Some machines look impressive on screen. Exosapien’s mech looks unreal even in person.
Built in British Columbia, this towering, human-piloted exoskeleton feels like a real-life Transformer — not a concept render, not CGI, but a machine you can actually climb into and control with your body.
Known as Prosthesis, it’s widely recognized as the world’s largest human-controlled mech. And trying it is an experience that permanently recalibrates your sense of scale.
Piloting Exosapien isn’t like driving a vehicle — it’s more like becoming one. Your movements translate directly into massive mechanical limbs beneath you. Every step is deliberate. Every motion feels powerful, slightly intimidating, and completely unforgettable. We quickly realized that piloting the cockpit was far more challenging than it first appeared. What the creator made look effortless required intense coordination — the kind of disorientation you might imagine waking up one day with two extra arms and having to learn how to use them.
It’s loud. It’s heavy. And it’s astonishingly human in how it responds.
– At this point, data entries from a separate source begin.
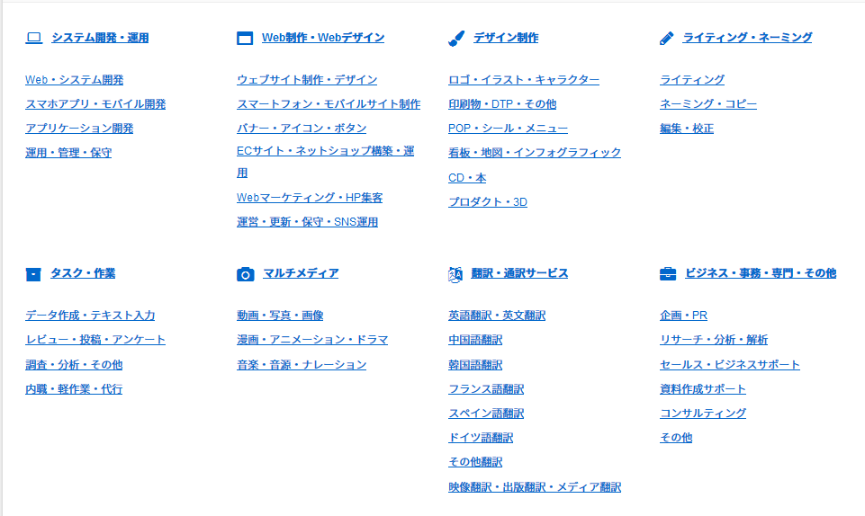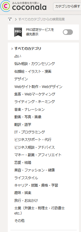 この中でカテゴリ分類が一番細かいのがココナラなのですが、どんな副業が自分にできるかサッパリわからん!という方はココナラの小カテゴリを見てみるといいです。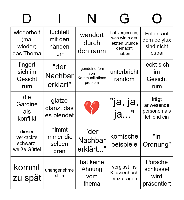 This bingo card has a free space and 24 words: nimmt immer die selben dran, unangenehme stille, irgendeine form von Kommunikations problem, kommt zu spät, Folien auf dem polylux sind nicht lesbar, wiederholt (mal wieder) das Thema, fingert sich im Gesicht rum, fuchtelt mit den händen rum, "ja, ja, ja...", "der Nachbar erklärt...", unterbricht random, die Gardine als konflikt, komische beispiele, "in Ordnung", "der Nachbar erklärt", vergisst ins Klassenbuch einzutragen, trägt anwesende personen als fehlend ein, wandert durch den raum, leckt sich im Gesicht rum, glatze glänzt das es blendet, Porsche schlüssel wird präsentiert, dieser verkackte schwarz-weiße Gürtel, hat vergessen, was wir in der letzten Stunde gemacht haben and hat keine Ahnung vom thema.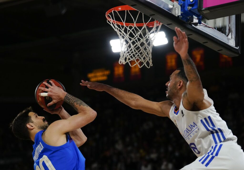 Un cruce de caminos entre los dos grandes que se escenificó más en el resultado que en el juego. Esta vez el clásico fue un pulso apretado, con muchos puntos y poca defensa, con más equilibrio que vaivenes. Y con polémica, como mandan los cánones, con la descalificación de Mirotic y Abalde tras un encontronazo en media pista y, sobre todo, con una falta de Poirier sobre Sanli (a falta de ocho décimas), en la lista de agravios de los blancos. Esa falta, en el forcejeo entre los dos pívots, dio pie al empate azulgrana rumbo a la prórroga cuando el Madrid creía haber capturado el rebote del triunfo. Los de Laso se defendieron firmes, con una rotación de 10 piezas, y se agarraron con determinación al encuentro pese a verse dos veces descolgados. Pero se quedaron sin depósito en el tiempo extra. Justo cuando emergió la fibra y la puntería de Exum y Hayes (9 puntos en el tramo decisivo) para resolver la intriga con un parcial de 19-8 que puso en valor lo construido por Laprovittola (20 puntos) y Smits (18).

This isn’t automation — it’s amplification.
To help tell Exosapien’s story, we contributed assets designed to convey the sheer magnitude of the machine:
The goal was simple: make people feel what it’s like to experience the sheer strength and capabilities of this behemoth.
Exosapien began as an ambitious engineering challenge: could a person safely and intuitively control a multi-ton walking machine? Years of development, demos, and public trials later, the answer is clearly yes.
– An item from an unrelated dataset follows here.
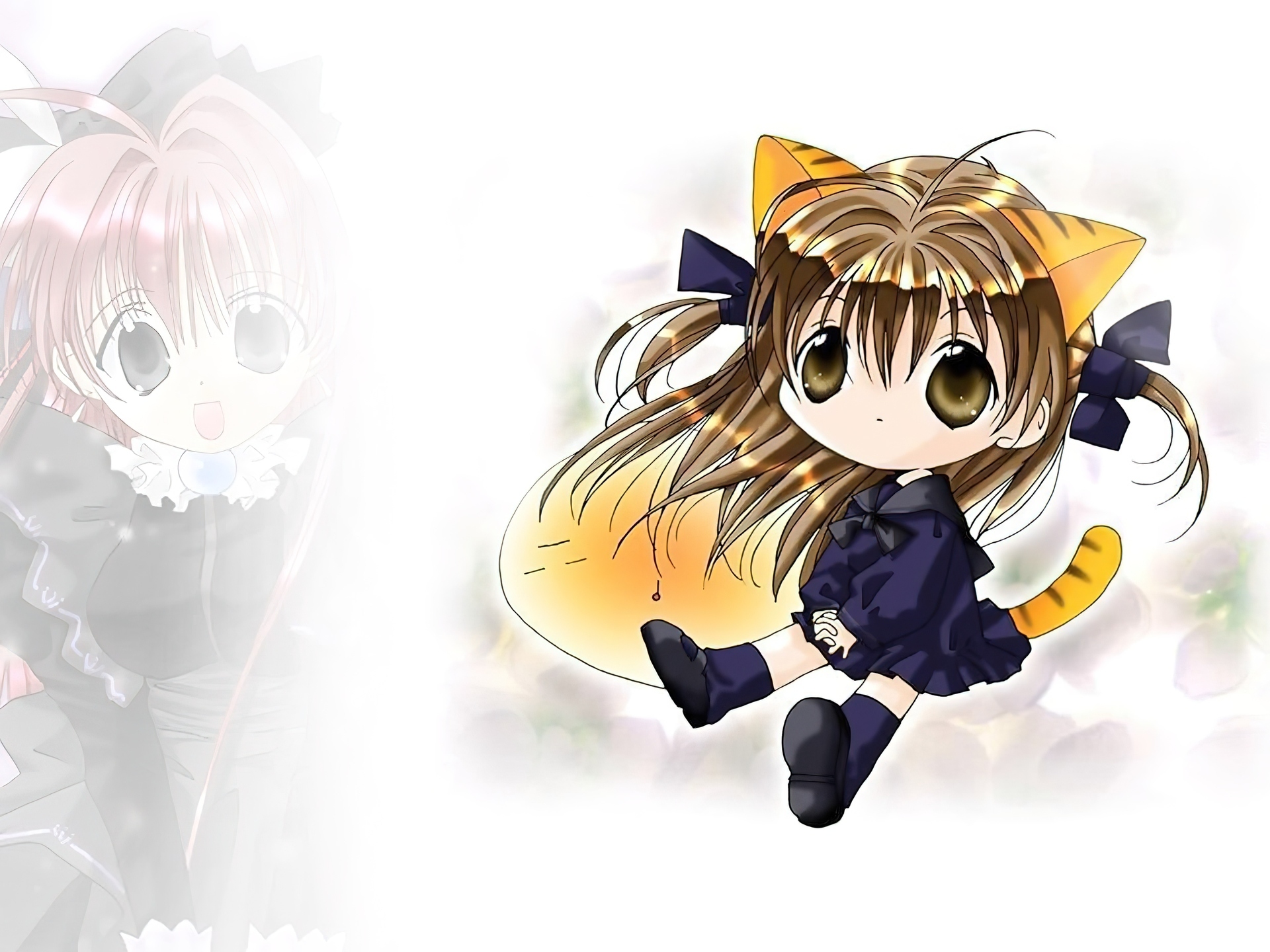 Edytor tapety: Digi Charat, kokarda, kot, mgła, dziewczynka

Rather than hiding behind closed doors, the team has consistently brought the mech into the real world — showcasing it at events, inviting pilots to try it, and slowly turning a sci-fi idea into something tangible.
One of the most exciting details for us personally is that Exosapien is based in the same province as our head office. Seeing a machine of this scale and ambition being built practically in our backyard makes the project feel even more special.
It’s not often that world-first technology feels this local.
Exosapien isn’t a future promise. It’s already walking. And whether you see it as the beginning of mech sports, industrial exoskeletons, or just one of the most ambitious machines ever built — it’s proof that some sci-fi ideas don’t stay fictional forever.